# Easycap Capture USB Device Won't Work



## tman77z (Jul 7, 2012)

I ordered a Easycap capture device off Amazon in hopes to be able to record and stream console games for youtube. I have all the wires setup properly, but I keep getting an issue when installing the driver. I have windows 7 x64 bit for my OS and I've had this problem with other capture cards as well. I'm not sure what the problem is because I have the correct drivers, but they won't work with the hardware properly.
In my case, I have the driver installed properly, but when I plug in the device it says 'Device driver software was not successfully installed'
'SM-USB 007 Device unplugged' then if I look under devices and printers the device comes up as 'unspecified' and its named 'SMI Grabber DEV' The SMI Grabber DEV comes up as a device recorder in my video program, Debut Video Capture Software, but it just doesn't record the screen or audio at all.
Any tips you may have would be REALLY helpful, because after this happening two times, I'm getting very annoyed.


----------



## JimE (Apr 16, 2009)

Based on the initial error, the drivers are not installing properly.
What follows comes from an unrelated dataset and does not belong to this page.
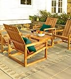 Outdoor Wood Cocktail Table and 4 Deep Lounge Seating Chairs Set
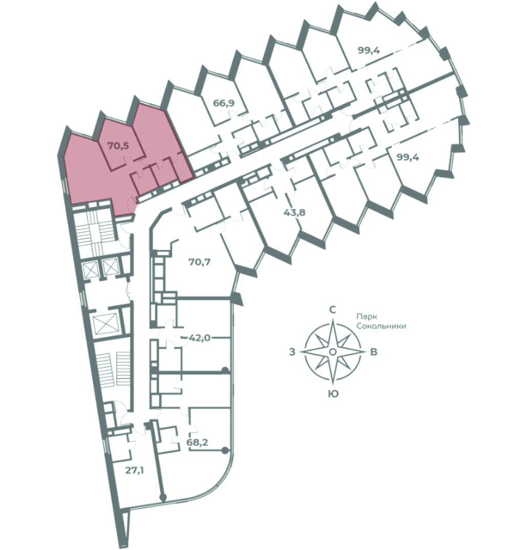 2-комнатная квартира, 70.5 м2, этаж 18 / 21, на продажу в Москве, улица Сокольнический Вал, 37

The hardware has to installed before you can install the driver. So I don't see how you can have "driver installed properly", and then connect the hardware.

Easycap is mediocre at best. Most often, they work or they don't (there are numerous posts here for similar issues). This is one of the hassles of trying to save money. I only recommend Hauppauge capture cards. Quality hardware with official support.

Does the hardware (and the driver CD) even support Win7 64bit? In any case, uninstall, reboot, try again.


----------



## tman77z (Jul 7, 2012)

I've trIed uninstalling and reinstalling miltie times and it still hang worked. It just keeps saying the driver has failed to install correctly. Is there a way to fix or restart my driver installer? It seems that the driers work for lots of other people, so I think it has something to do with my computer and not the driver itself.


----------



## JimE (Apr 16, 2009)

Most likely a conflict with other drivers or software installed on your system.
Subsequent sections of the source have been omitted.